Retype only what runs from the beginning of the data through the line with "反过来看美国投资者到海外买日"; please omit the pictures and keep every line exact.

SUPPLIED RECORDS START

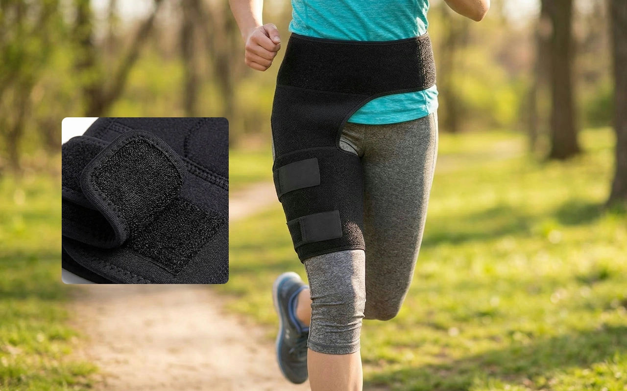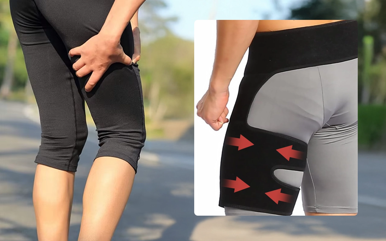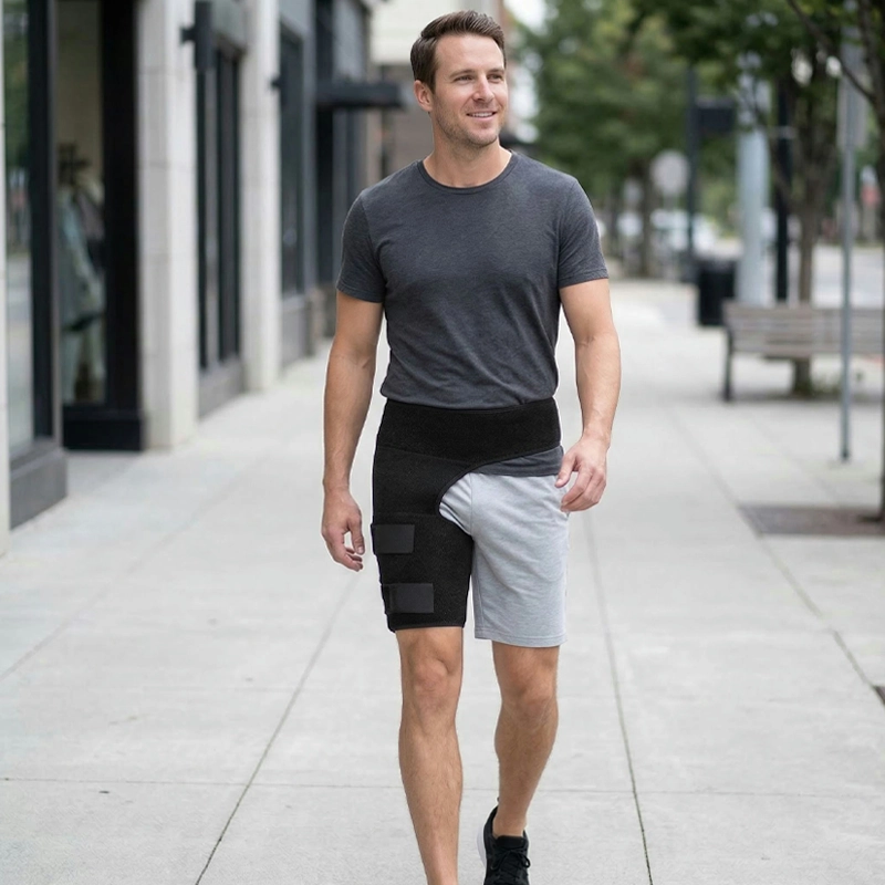 Comprei isto para o meu marido depois de uma lesão jogando futebol. O suporte em torno do quadril e da coxa ajudou-o a voltar a se mexer normalmente sem fazer careta a cada passo.
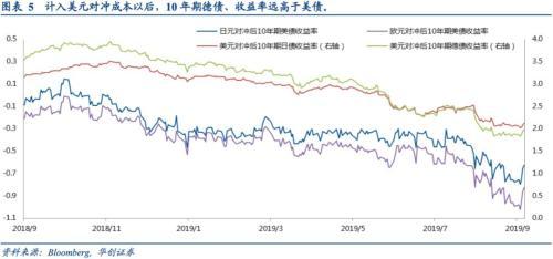 反过来看美国投资者到海外买日本和德国的10年期国债就是正收益(美元对冲后分别是121个基点、197个基点),
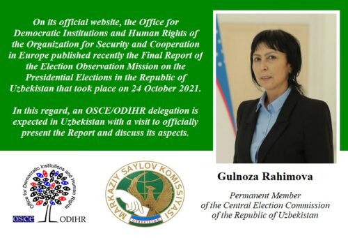 On its official website, the Office for Democratic Institutions and Human Rights (ODIHR) of the Organization for Security and Cooperation in Europe (OSCE) published recently the Final Report of the Election Observation Mission (EOM) on the Presidential Elections in the Republic of Uzbekistan that took place on 24 October 2021. In this regard, an OSCE/ODIHR delegation is expected in Uzbekistan with a visit to officially present the Report and discuss its aspects.
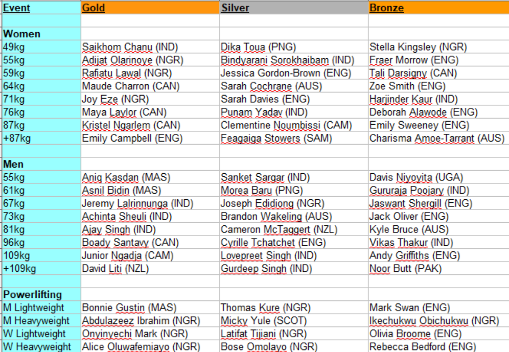 In terms of the para powerlifting, the last Games were dominated by Nigeria and I expect these to be the same, although look out for Bonnie Gustin of Malaysia to potentially prevent a Nigerian clean sweep of gold medals.
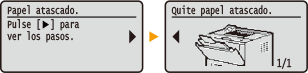 En algunos casos, cuando se produce un error, aparecen las instrucciones sobre cómo responder ante dicho error. Siga las instrucciones de la pantalla para solucionar el problema. La pantalla que aparece cuando se produce un atasco de papel se muestra a continuación a modo de ejemplo.
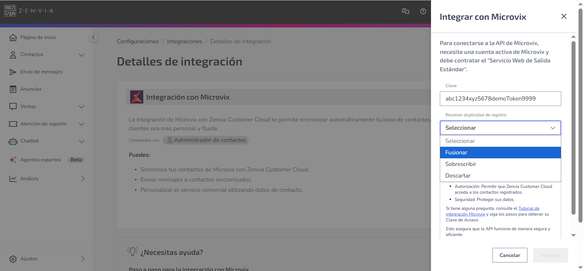 Debes obtener la clave de acceso del WebService de salida estándar en Microvix y configurarla en Zenvia Customer Cloud.
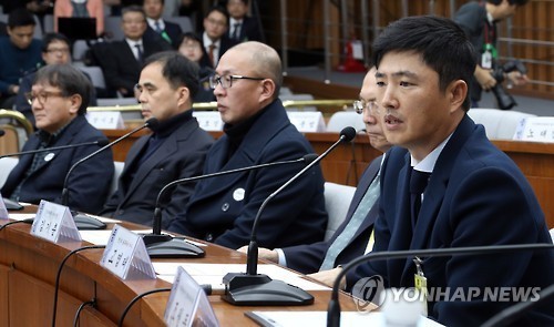 | 고영태 전 더블루케이 이사(오른쪽)가 지난 7일 오후 국회에서 열린 최순실 국정농단 의혹 진상규명을 위한 국정조사 특위 2차 청문회에서 의원들의 질의에 답변하고 있다. |
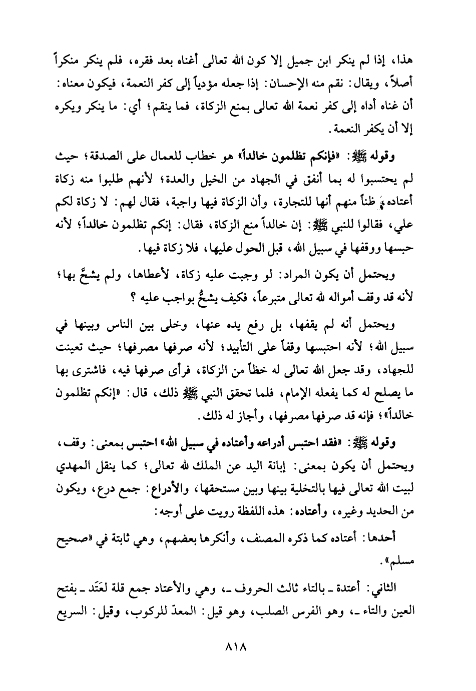 ويحتمل أنه لم يقفها، بل رفع يده عنها، وخلى بين الناس وبينها في سبيل الله؛ لأنه احتبسها وقفًا على التأبيد؛ لأنه صرفها مصرفها؛ حيث تعينت للجهاد، وقد جعل الله تعالى له حظًّا من الزكاة، فرأى صرفها فيه، فاشترى بها ما يصلح له كما يفعله الإمام، فلما تحقق النبي - صلى الله عليه وسلم - ذلك، قال: "إنكم تظلمون خالدًا"؛ فإنه قد صرفها مصرفها، وأجاز له ذلك.

SUPPLIED RECORDS END

### SOLUTION FOR THIS EXERCISE
 Comprei isto para o meu marido depois de uma lesão jogando futebol. O suporte em torno do quadril e da coxa ajudou-o a voltar a se mexer normalmente sem fazer careta a cada passo.
 反过来看美国投资者到海外买日本和德国的10年期国债就是正收益(美元对冲后分别是121个基点、197个基点),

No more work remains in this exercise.